### Exercise requirements:
Within the records that follow, restate exactly the lines from the line with "为认真贯彻落实习近平强军思想" down to the line with "Introducing our Julita", including both. Omit the pictures.

### Data under study:
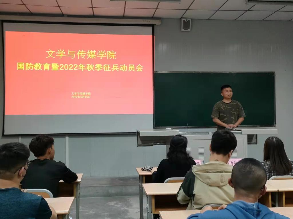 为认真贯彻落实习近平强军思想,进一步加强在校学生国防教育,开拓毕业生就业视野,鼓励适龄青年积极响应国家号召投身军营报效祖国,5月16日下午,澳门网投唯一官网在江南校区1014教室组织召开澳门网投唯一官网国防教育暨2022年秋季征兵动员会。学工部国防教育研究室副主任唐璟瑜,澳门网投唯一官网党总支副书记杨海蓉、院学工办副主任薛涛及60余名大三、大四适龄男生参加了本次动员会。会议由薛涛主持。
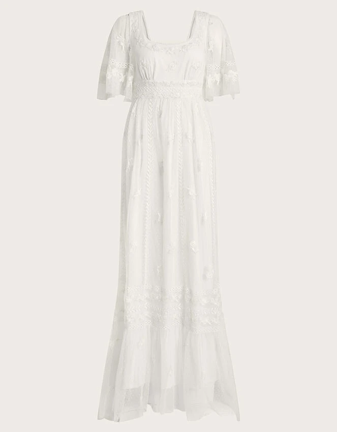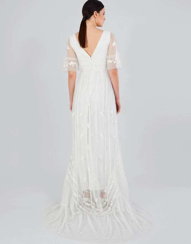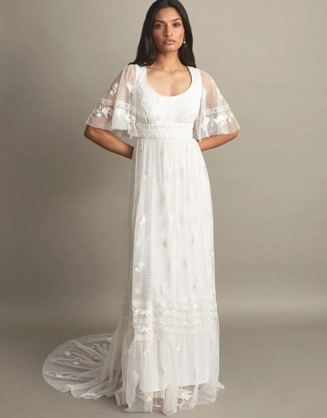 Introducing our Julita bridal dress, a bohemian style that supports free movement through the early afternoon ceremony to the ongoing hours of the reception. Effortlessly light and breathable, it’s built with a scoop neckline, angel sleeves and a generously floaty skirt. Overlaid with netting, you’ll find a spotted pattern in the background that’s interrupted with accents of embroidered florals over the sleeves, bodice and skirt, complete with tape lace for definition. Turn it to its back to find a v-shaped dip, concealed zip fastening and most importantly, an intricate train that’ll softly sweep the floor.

...

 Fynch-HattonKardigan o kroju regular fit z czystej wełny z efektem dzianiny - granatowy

---

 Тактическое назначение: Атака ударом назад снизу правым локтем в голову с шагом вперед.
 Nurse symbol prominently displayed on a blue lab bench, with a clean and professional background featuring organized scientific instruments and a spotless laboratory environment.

### Solution for this problem:
 为认真贯彻落实习近平强军思想,进一步加强在校学生国防教育,开拓毕业生就业视野,鼓励适龄青年积极响应国家号召投身军营报效祖国,5月16日下午,澳门网投唯一官网在江南校区1014教室组织召开澳门网投唯一官网国防教育暨2022年秋季征兵动员会。学工部国防教育研究室副主任唐璟瑜,澳门网投唯一官网党总支副书记杨海蓉、院学工办副主任薛涛及60余名大三、大四适龄男生参加了本次动员会。会议由薛涛主持。
 Introducing our Julita bridal dress, a bohemian style that supports free movement through the early afternoon ceremony to the ongoing hours of the reception. Effortlessly light and breathable, it’s built with a scoop neckline, angel sleeves and a generously floaty skirt. Overlaid with netting, you’ll find a spotted pattern in the background that’s interrupted with accents of embroidered florals over the sleeves, bodice and skirt, complete with tape lace for definition. Turn it to its back to find a v-shaped dip, concealed zip fastening and most importantly, an intricate train that’ll softly sweep the floor.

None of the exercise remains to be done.